Son of Stimulus is likely to be as big a disaster as its parent

Son of Stimulus Set to Attack American Economy

By Daniel Greenfield
Tuesday, December 1, 2009

Even as the health care debate continues to rage, Democrats have their hearts set on countering their disastrous ratings and the loss of the independent voter by rolling out a job creation package, or Son of Stimulus Plan. There are no clear plans yet, but the ones floating around as preliminary ideas are bad enough on their own.

With price tags going as high as 1.2 trillion dollars and various gimmicks being trotted out to hide their cost and avoid blame for inflating the already massive deficit further, the Son of Stimulus is likely to be as big a disaster as its parent.


Take House Democratic leader Steny Hoyer’s plan to pay for a job creation plan with a financial transactions tax. Not only would this plan help push investors out of the US stock market, at a time when the market is already in bad shape, but it would weigh down the stock market thereby preventing companies from expanding and going public. Which naturally would crush the very same job creation congressional Democrats claim to want.
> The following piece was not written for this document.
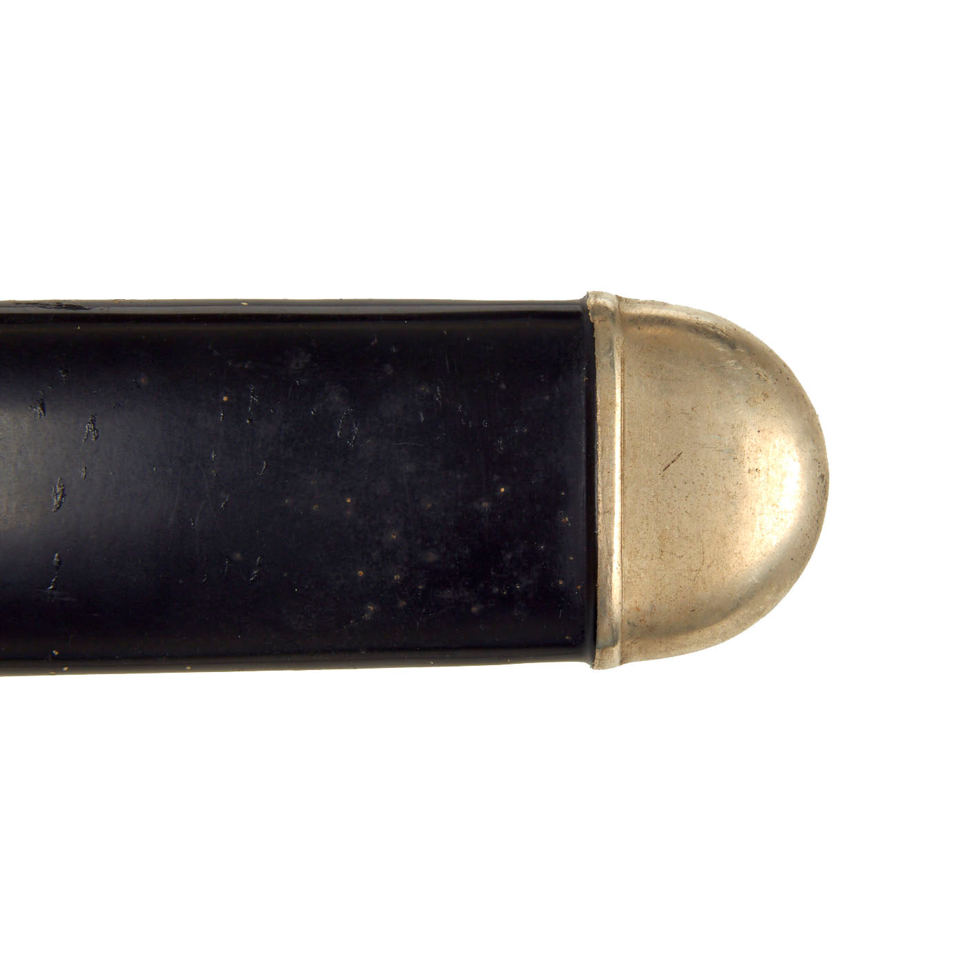 The scabbard is in very good condition, with no dents to the body that we can see, and the original black enamel finish retained at almost 100% It has a lovely pattern of checking and crazing in the finish, showing that it is original, and has not been refinished. The nickel plated steel fittings are still present, each retained by two screws. The plating is retained very well, with some overall speckling, and a few small areas of plating loss and oxidation on the chape.

After spending taxpayer money to bailout Wall Street, and now that the Dow Jones has hardly passed the 10,000 mark, congress now wants to abort the recovery by taxing Wall Street for their job creating programs. Which will help push the Dow Jones back down and perhaps allow for a second bailout of Wall Street. Which will naturally outrage taxpayers even further, leading to another attempt to tax Wall Street. That is the kind of economy lunacy that governs the thinking of Washington D.C., mixing the worst of socialism and corporate welfare into one indigestible stew.

Hoyer is promising that the bill would include extended unemployment benefits, which is fitting enough since the bill itself would help perpetuate unemployment by killing job growth. That same paradox lies behind virtually all of the Democratic job creation plans, which is that they involve taking money out of the economy, lowering the value of the dollar further or bulking up the national debt- conditions which would in turn backfire on the very people they’re claiming to want to help.

Meanwhile New York Times columnist Paul Krugman, the economic court jester of the Democratic party, is agitating for a jobs creation plan that does not offer any tax cuts but instead provides aids to local governments to cover their gaps combined with a low paying public works program. Krugman, who favors enlarging the deficit, doesn’t even bother trying to explain how this will be paid for. A variation on Krugman’s reboot of the WPA is a work sharing proposal that would essentially also mean having the government directly subsidize jobs. The problem with both approaches is that they don’t actually involve real job creation, but a dressed up form of public assistance, no fundamentally different than the able bodied welfare recipients who are expected to do some work in exchange for being on the dole.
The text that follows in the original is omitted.